Steven Spielberg wants your money. This isn't exactly news -- he's forever coming up with new and better ways of parting you from your dough, in theaters and out. GameWorks in Tempe is a wonderful example of why the public loves to make Mrs. Spielberg's son a very, very wealthy man indeed.

The money starts to flow out of your pockets from the moment you step inside. Getting away from the one-coin, one-play idea, GameWorks has several Play Card machines located around the premises. These machines look a lot like ATM machines, with one difference: They take your cash, transferring the balance to a credit-card-like Play Card. You can use your Play Card to pay for just about everything in GameWorks, including games, food, beverages and merchandise. There's no minimum balance, and you can combine balances easily.

The Loading Dock is where all the newest games are to be found, and the selection almost ensures that one can easily lose track of the unimportant things in life -- the time, the date, your date, your job, etc. Going up the stairs immediately to the right of the south entrance, you'll feel like you've stepped back into the Golden Age of Video Games. You'll find Frogger, PacMan, Galaxian, Ms. PacMan, Centipede, Asteroids and many more of your old favorites nicely packaged in antiqued wooden consoles. You can get reacquainted with a few electronic friends, or prove to your roommate that you are, in fact, a Centipede god.

If you want to make some moves on a date, Virtual Arena is a neat little machine that translates the physical motions of the players into the virtual fighters' attacks and defenses, making for engaging (and, at times, amusing) gameplay. Despite what you might think, physical ability is not a requirement to excel at the game. One sweet young co-ed, topping out at a modest 5-foot-1, kicked the virtual tar out of her bodybuilder date, to cheers from the crowd. Another good romantic spot is upstairs in the Grill and Bar. (Watch your step going between the two -- levels change with little warning at GameWorks.) The service is fast, friendly and knowledgeable, and the food and drink are competent without being pretentious, and almost worth the price.
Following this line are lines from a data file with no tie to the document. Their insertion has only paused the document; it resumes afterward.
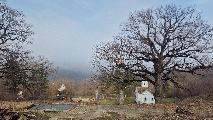 The image displays an outdoor scene, indicative of late autumn or winter, located in Topolovets, Bulgaria
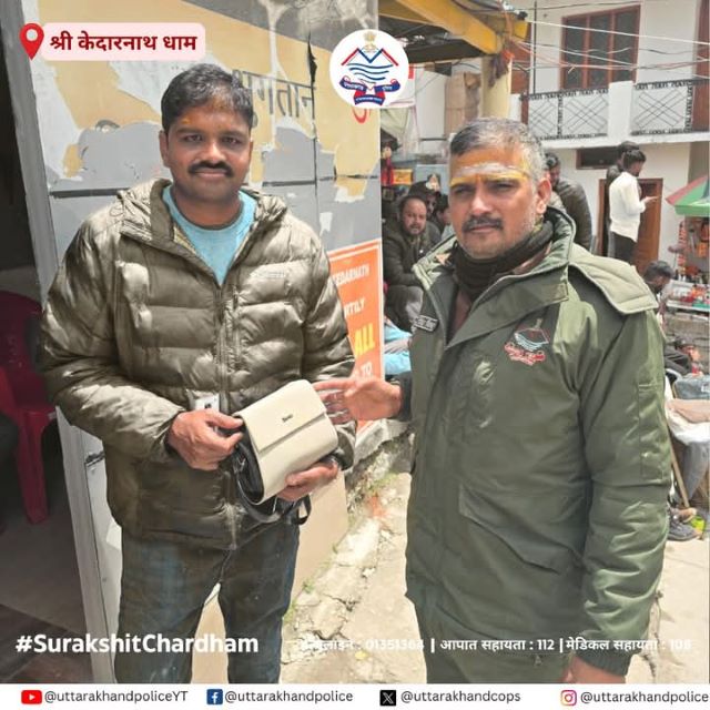 केदारनाथ धाम में आन्ध्र प्रदेश से पहुंचे श्रद्धालु जिनके पर्स में 50 हजार रुपये नगद कैश थे जो कई खो गया। जिसे ड्यूटी पर नियुक्त पुलिस कार्मिकों द्वारा अथक प्रयासों से पर्स को बरामद कर श्रद्धालु के सुपुर्द किया गया।
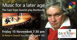 Over the last three years South African-born violinist, David Juritz, has been exploring the quartets with three distinguished colleagues in the Cape Town Quartet, Suzanne Martens, Karin Gaertner and Peter Martens. Working with guidance from the renowned Beethoven scholar, Dr Stewart Young, they are now at the mid-point of a cycle of the complete quartets and are playing three of them in London for the first time. 'Music for a Later Age' will be performed on Friday, 10 November at Venue: St Peters Church, Southfield Road W4 1BB at 7.30pm with doors open at 6.45pm. Tickets are £15.00 on the door or , £13.50 if you book in advance. (advanced booking ) All seating unreserved. Wine and soft drinks will be available. The quartet Op.18 No. 1 in F major (in fact the second quartet Beethoven completed) with its slow movement inspired by the tomb scene from Romeo and Juliet, is paired with the last major work Beethoven completed, the quartet Op.135 (also in F major). They are followed by the third of a set of quartets Beethoven wrote for an ill-starred Russian diplomat, Count Razumovsky, the Quartet No 9 in C major, Op. 59 No. 3. Beethoven wrote above a sketch for one of his Razumovsky Quartets, ‘Let your deafness no longer be a secret – not even in art’. With echoes of Mozart’s great Dissonance Quartet, Beethoven’s third Razumovsky with its extreme technical and musical demands proved too difficult for most musicians of his day. And yet, even if it stretched his contemporary audiences, it is music that communicates so directly as to be timeless. Music for this age or any other. Quartet No. 1 in F major, Op. 18, No. 1 Beethoven’s 16 string quartets are one of the great challenges for string players. David Juritz explains his fascination with this music. To me, Beethoven is unique. One the one hand there’s that incredibly intense celebration of humanity in the Ninth Symphony and then moments where he is absolutely uncompromising and single-minded. It’s so extreme that when I play it, it sometimes feels a little like exploring an alien mind. Even where he gives us clues, Beethoven’s music remains beyond simple interpretation. For instance, the final movement of his last quartet, Op. 135, is prefaced by an inscription, “Der schwer gefasste Entschluss”, or “The Difficult Resolution.” Two musical phrases are presented, one with the question “Muss es sein” (must it be?) and the other with the reply, “Es muss sein!” (it must be!). Is this an existential conflict, an expression of a deep internal struggle that Beethoven, writing what he knew would be his final quartet, felt compelled to confront? Perhaps, but another a clue lies in the note Beethoven sent to his publishers as he submitted the quartet to them. He had struggled to begin the final movement until, spurred on by constant reminders that it was overdue, he decided just to get on with it. Other interpretations are that words related to an argument with his housekeeper over her wages, or that it was inspired by a dispute with a patron over an unpaid subscription. The music that follows the introduction is totally free of angst, perhaps a hint that Beethoven had in mind something less troubling than any great philosophical crisis. Yet, despite the carefree exuberance and almost comical high-jinks, even if this is music about unpaid laundry bills, it’s anything but banal. That’s the miracle of Beethoven. The members of the Cape Town Quartet gave their first performance together in 2013 in series of concerts in the Western Cape and, in 2014 embarked on a project to perform the complete string quartets by Beethoven. David Juritz (first violin) was born in Cape Town but is now based in London. He performs internationally as a soloist and chamber music player. Suzanne Martens (second violin) studied in Holland and at the Mozarteum in Salzburg. She is a former leader of the Cape Philharmonic Orchestra and currently serves on the faculty of Stellenbosch Conservatoire. Karin Gaertner was principal violist of the Cape Town Symphony Orchestra. She studied in Italy and at the Salzburg Mozarteum before spending five years working in Italy. Peter Martens, another Mozarteum educated musician, performs regularly at festivals in Europe, Russia and the USA. His recording of the complete Beethoven sonatas for cello and piano is widely regarded as a definitive interpretation. The Cape Town Quartet have been fortunate to have the advice of the eminent Beethoven scholar, Dr. Stewart Young, while preparing their performances.
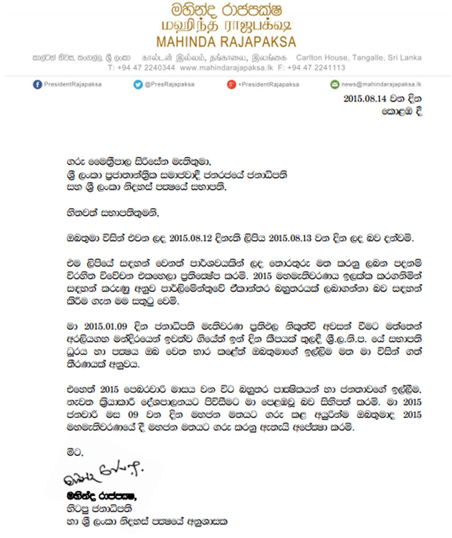 கொழும்பு: நான் 2015 ஜனவரி 9 ஆம் திகதி மக்கள் ஆணைக்கு மதிப்பளித்தது போல நீங்களும் 2015 பொதுத் தேர்தலில் மக்கள் ஆணைக்கு மதிப்பளிப்பீர்கள் என எதிர்பார்க்கிறேன் என்று குருநாகல் மாவட்ட வேட்பாளர் மஹிந்த ராஜபக்ஷ ஜனாதிபதி மைத்திரிபால சிறிசேனவுக்கு பதில் கடிதம் ஒன்றினை அனுப்பியுள்ளார். ஜனாதிபதி மைத்திரிபால சிறிசேன மஹிந்த ராஜபக்ஷவிற்கு நேற்று அவசர கடிதம் ஒன்றினை அனுப்பி இருந்தார்.அந்த கடிதத்திற்கு பதில் கடிதம் ஒன்றினை மஹிந்த ராஜபக்ஷ இன்று அனுப்பியுள்ளார்.
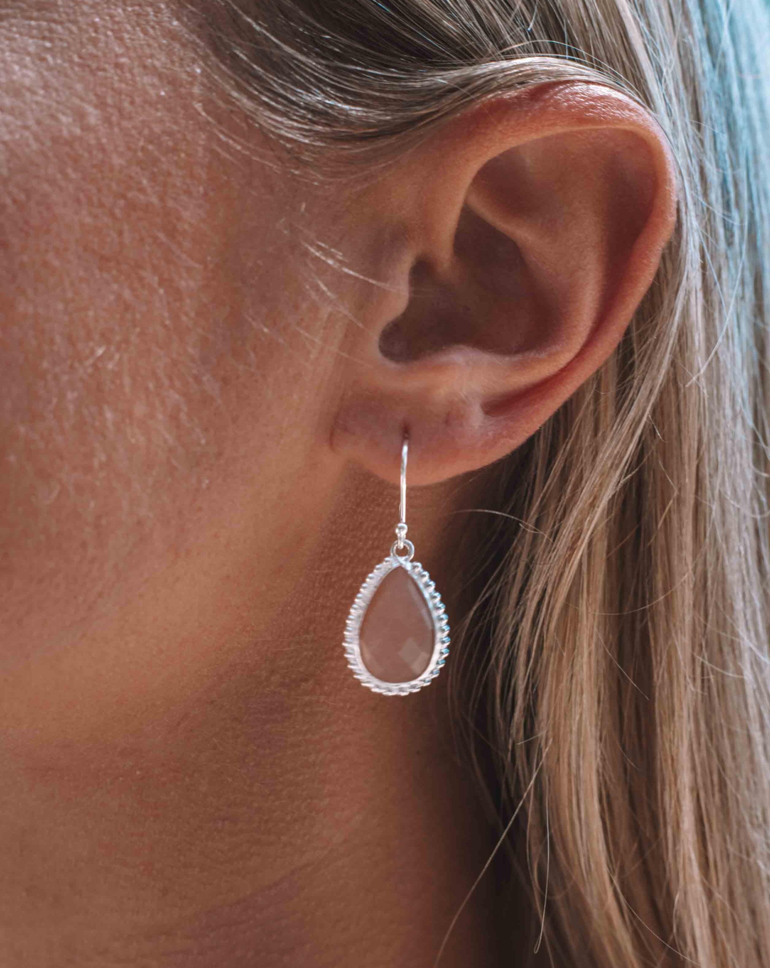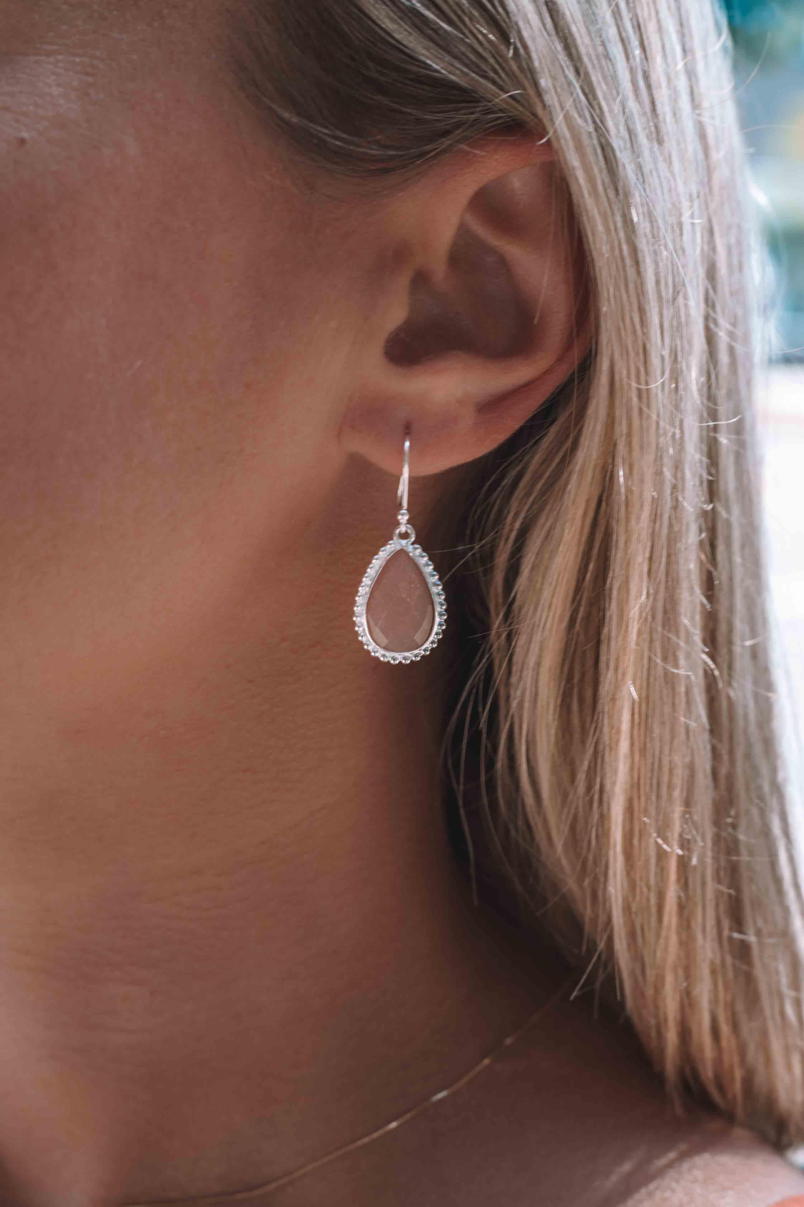 Pink Moonstone Earrings ~ Sterling Silver 925 ~ME193
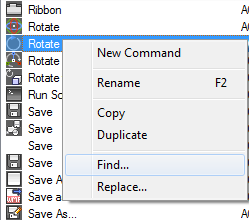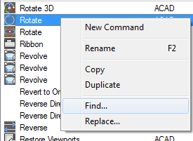 1. In the Customize tab, Command List pane, right-click anywhere in the Command list. Click Find.
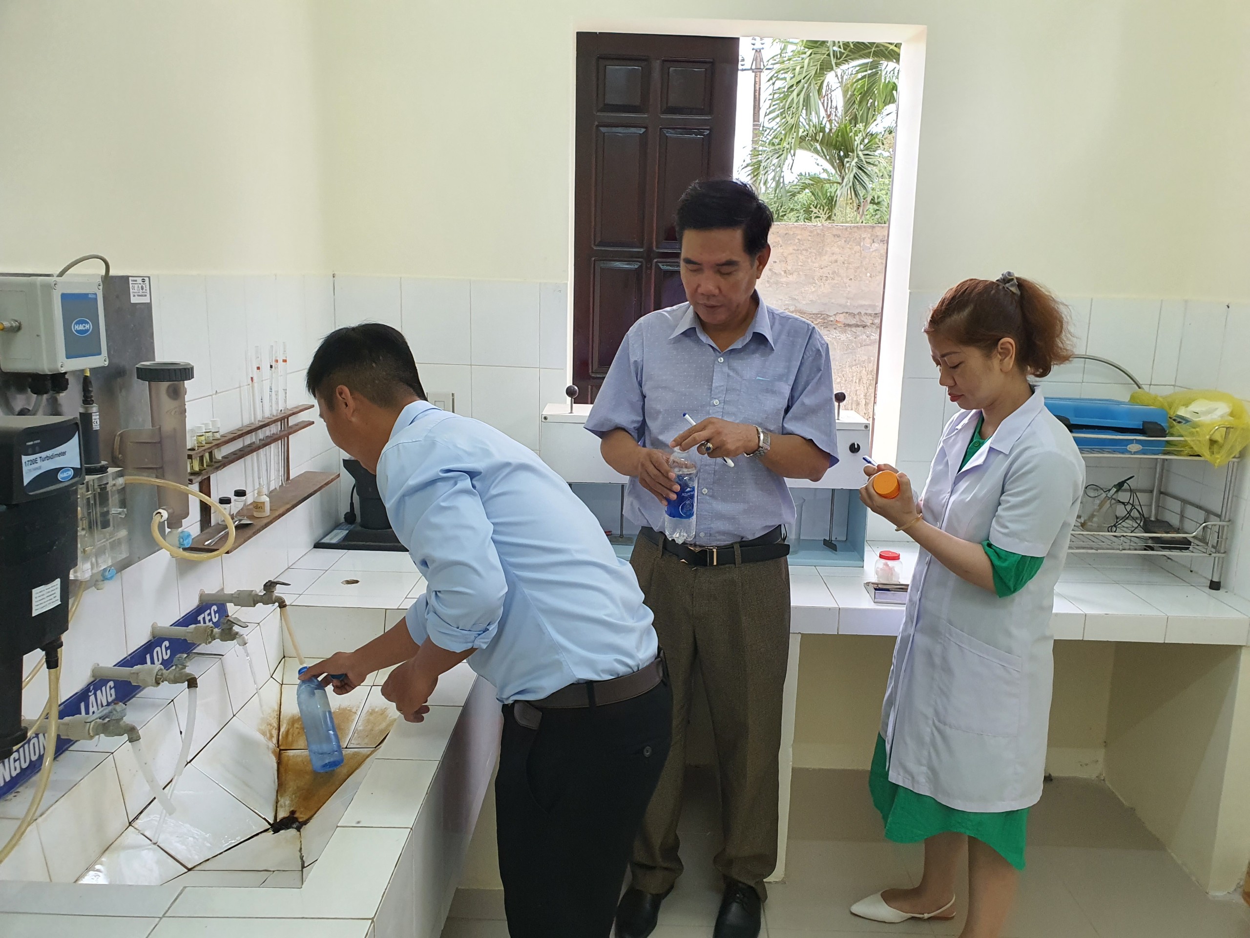 Cán bộ Khoa Xét nghiệm và Cán bộ HueWACO lấy mẫu tại Nhà máy nước Nam Đông

Vertical Reality lets eight to 12 players compete in clearing a skyscraper of bad guys. Each player is strapped into the seat, and the main reward for good play is ascent into the heavens -- literally; the last level is 24 feet in the air. Runner-up for Best Place to Get High at GameWorks is the catwalk. This is a great vantage point from which to observe the crowd, watch the entrances for associates, and generally have an eagle-eyed view of all the action. As a bonus, the blue neon built into the bridge makes you feel like an extra in the film Tron.

All of the racing games have a strong following, especially Cruisin' World, which gives you a ton of options for your driving pleasure. Where else can you pilot everything from a five-speed Mustang to an automatic Hummer? Hydro Thunder, a powerboat-racing game, is a crowd pleaser, combining the novelty of water sports, the adrenaline rush of racing and great effects.

An entry from the Marquis de Sade School of Game Design is Steel Talons, a combat helicopter game that beats on your back and posterior if and when you fly into the line of enemy fire. This type of game is the Skinner box of modern interactive entertainment, and a lot of fun.

Handicap issues are one of the less-than-perfect aspects of GameWorks. While the entire venue is wheelchair accessible, thanks to ramps and elevators, it's not particularly wheelchair -friendly. From a company "dedicated to creating superior entertainment environments that enhance and complement game play and social interaction," GameWorks is missing the boat a little in a minor lack of consideration for a significant percentage of the population. With the success of the GameWorks project as a whole, this issue may be addressed in the newer locations.

In a nutshell, if you have some disposable income and some time to kill before your third viewing of Star Wars: Episode I -- The Phantom Menace, head on in. You'll find something here that will make you glad you came. For more information about the GameWorks empire, call 602-839-4263, or check out the moderately nifty Web site at, you guessed it:

In the meantime, I'm holding out for Spielberg to open a chain of virtual-reality roller-coaster/car washes. If it ever happens, I'm gonna be the first in line. -- Owen S. Kerr

GameWorks is located at Arizona Mills mall in Tempe, I10 and the Superstition Freeway.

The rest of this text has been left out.